=== Work order ===
Only the lines from the one containing "สีหน้ารื่นเริงของป้าภาค ก็สัญลักษณ์ ความสุขของแม่บ้านทุ่งยาว" to the end of the material belong in your answer. Please copy them word for word.

=== Data for review ===
==*==

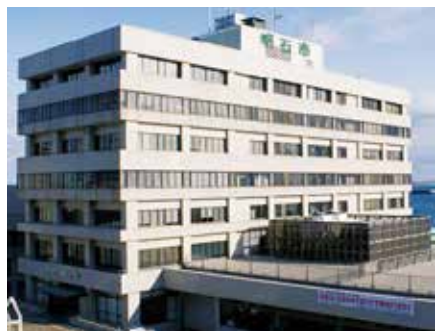
老朽化が進む現庁舎

大久保の3駅を中心とした徒歩圏内エリアを候補地とし、市有地を中心に必要面積が確保できる土地を検討してきた。その後、防災面のリスクや財政負担などを考慮し、有識者会議での意見も踏まえ、
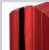
Battement + joint
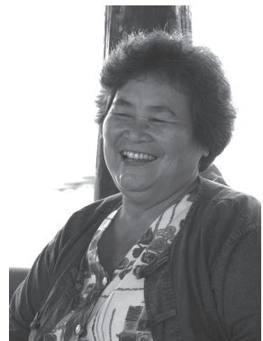
สีหน้ารื่นเริงของป้าภาค ก็สัญลักษณ์ ความสุขของแม่บ้านทุ่งยาว

“ถ้าพูดถึงความสุขแล้ว ป่าว่า ไม่ต้องไปหาให้ไกล ไม่ต้องไปหาที่อื่น คือหาที่ตัวเรานี้ หาที่บ้านเรานี้แหละ ในตัวเรานี้ คือถ้าเราบอกว่าพอ มันก็มี ความสุขแล้ว คือแค่เรามีอยู่มีกิน เราก็กิน พอใจแล้ว ถึงแม้ว่าชีวิตความเป็นอยู่ ของเรามันจะไม่เลิศหรูอะไร แต่ว่า ที่เห็นๆ นั่นแหละว่า เขาหลับ เราก็กิน หลับ เขากิน เราก็กินเหมือนเขา อันนี้ ก็อาจจะเรียกได้ว่าเป็นความสุขแล้ว แต่เรื่องความร่ำรวยอะไรนั้นไม่เคยคิด ไม่ได้คิดเลย...”

==*==

=== Response to this exercise ===
สีหน้ารื่นเริงของป้าภาค ก็สัญลักษณ์ ความสุขของแม่บ้านทุ่งยาว

“ถ้าพูดถึงความสุขแล้ว ป่าว่า ไม่ต้องไปหาให้ไกล ไม่ต้องไปหาที่อื่น คือหาที่ตัวเรานี้ หาที่บ้านเรานี้แหละ ในตัวเรานี้ คือถ้าเราบอกว่าพอ มันก็มี ความสุขแล้ว คือแค่เรามีอยู่มีกิน เราก็กิน พอใจแล้ว ถึงแม้ว่าชีวิตความเป็นอยู่ ของเรามันจะไม่เลิศหรูอะไร แต่ว่า ที่เห็นๆ นั่นแหละว่า เขาหลับ เราก็กิน หลับ เขากิน เราก็กินเหมือนเขา อันนี้ ก็อาจจะเรียกได้ว่าเป็นความสุขแล้ว แต่เรื่องความร่ำรวยอะไรนั้นไม่เคยคิด ไม่ได้คิดเลย...”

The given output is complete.